The cause - an absurd decree - would have produced disastrous effects immediately.
In human affairs, which are much more complex, it generally happens that bad decisions do not produce all their bad effects immediately, but only in the course of time.
Today the world is struggling with an unprecedented economic collapse, caused by a mistaken decision taken almost 38 years ago.
The distance of 38 years in time, in a world which is undergoing change at such a rapid pace as ours, is a great distance. Those who can remember the bad decision of August 15, 1971, and who can recall how the world worked before that date, are today at least 63 years of age. They are already either retired or about to retire from active life.
For men who are active today, 1971 is a date that is beyond the horizon of their interest. For those men, what they have seen in their lives seems to them completely normal; they think that life has always been as they have known it. Why should it not continue to be so?
Perhaps this is the reason that all we read in magazines and newspapers and all that we see on TV never mentions the mistaken decision taken on August 15, 1971. Both those who govern and those who are governed cannot establish an intellectual link between a cause,which happened either before they were born or when they were still wearing short pants, and an effect, the present global economic disaster.
What happened on that fateful day?
What happened was the equivalent of decreeing that cars should run on water: for the first time in history, the whole world began using fictitious money, papers that simulated real money. This happened when President Nixon of the United States decreed that as of that date, the dollar - the central currency of the world on which rested all the other currencies - ceased to be redeemable through the delivery of one ounce of gold for each $35 dollars which central banks of the world might present for collection in gold.
The effect of this event has taken 38 years to be felt in all its enormity.
Nature does not care if human beings think or do not think.
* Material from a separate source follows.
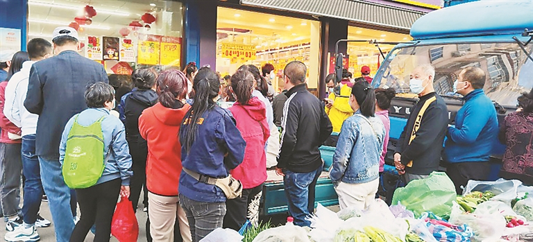 网传的视频显示:天刚蒙蒙亮,一家生鲜店前就排起了长队。另一家肉铺门前,同样也排着长队,一男子扛着半个猪肉柈子往店里走。

Nature does not care if humans take note of causes and effects, or if they ignore them. Nature does not care if they are wise or foolish: Nature is pitiless about collecting its due. If you do not sow, you will go hungry. Academic discussions do not influence the inexorable operation of the Laws of Nature.
Cars do not run on water, they run on gasoline. Economies - civilizations themselves - cannot function on simulated money, money that is fraudulent, fictitious and imaginary (in the case of bank money).
Tacitus, the Roman historian, wrote: "The man who is ignorant of that which happened before he was born will always remain a boy."
Only boys, and nothing more, are the great pundits of economics, the great directors of national economies, the great presidents and prime ministers of the Powers, who cannot or will not recognize that everything that has been built in the world since 1971 has had as a foundation nothing more than quicksand.
As long as the use of real money - either gold, or both gold and silver money - is not reestablished in the world, the civilization which we have known is in danger of disappearing.
At the recent meeting of the Heads of State of the "Group of Eight" (G-8) the President of Russia, Dmitry Medvedev, presented a coin which he said was to be the new international currency. He is in the photo below. Note that he is holding a gold coin.

Therefore we have hope that at last, a true Statesman will take the historic decision to reinstate gold as money. The adjustment of the world to this measure will be painful, but the return to real money is indispensable if our world is to endure.
The alternative is too terrible to contemplate
July 2009
Hugo Salinas Price, President
Asociación Cívica Mexicana Pro Plata, A.C.
Mexico City
email: plata@plata.com.mx
website: http://www.plata.com.mx
Labels: fiat money, Hugo Salinas Price
Hugo Salinas Price, president of the Mexican Civic Association for Silver and the world's foremost advocate of restoring silver's role as a circulating currency, addressed GATA's recent conference in Washington by video. His address, "Dorothy's Silver Slippers," detailed his proposal for the issuance of a circulating silver ounce coin for Mexico -- a coin that, not being imprinted with any particular peso value, would never be at risk of withdrawal from circulation because its melt value had come to exceed its face value.
Labels: Hugo Salinas Price, silver
Labels: fiat money, Hugo Salinas Price
Labels: gold, Hugo Salinas Price, market manipulation
Hugo Salinas Price, President
Asociación Cívica Mexicana Pro Plata, A.C.
Mexico City
email: 254hsp@elektra.com.mx
website: http://www.plata.com.mx
Labels: central banks, gold, Hugo Salinas Price, market manipulation
Labels: fiat money, Hugo Salinas Price, money, silver
A New Service For Silver Savers In Mexico
The new service is called "Silver in the Vault". This service will provide savers with a safe place to store their one ounce silver "Libertad" coins, which Banco Azteca has been selling for some time now, having taken over the sale of these coins from its parent company, Grupo Elektra, which operates stores that retail durable household goods.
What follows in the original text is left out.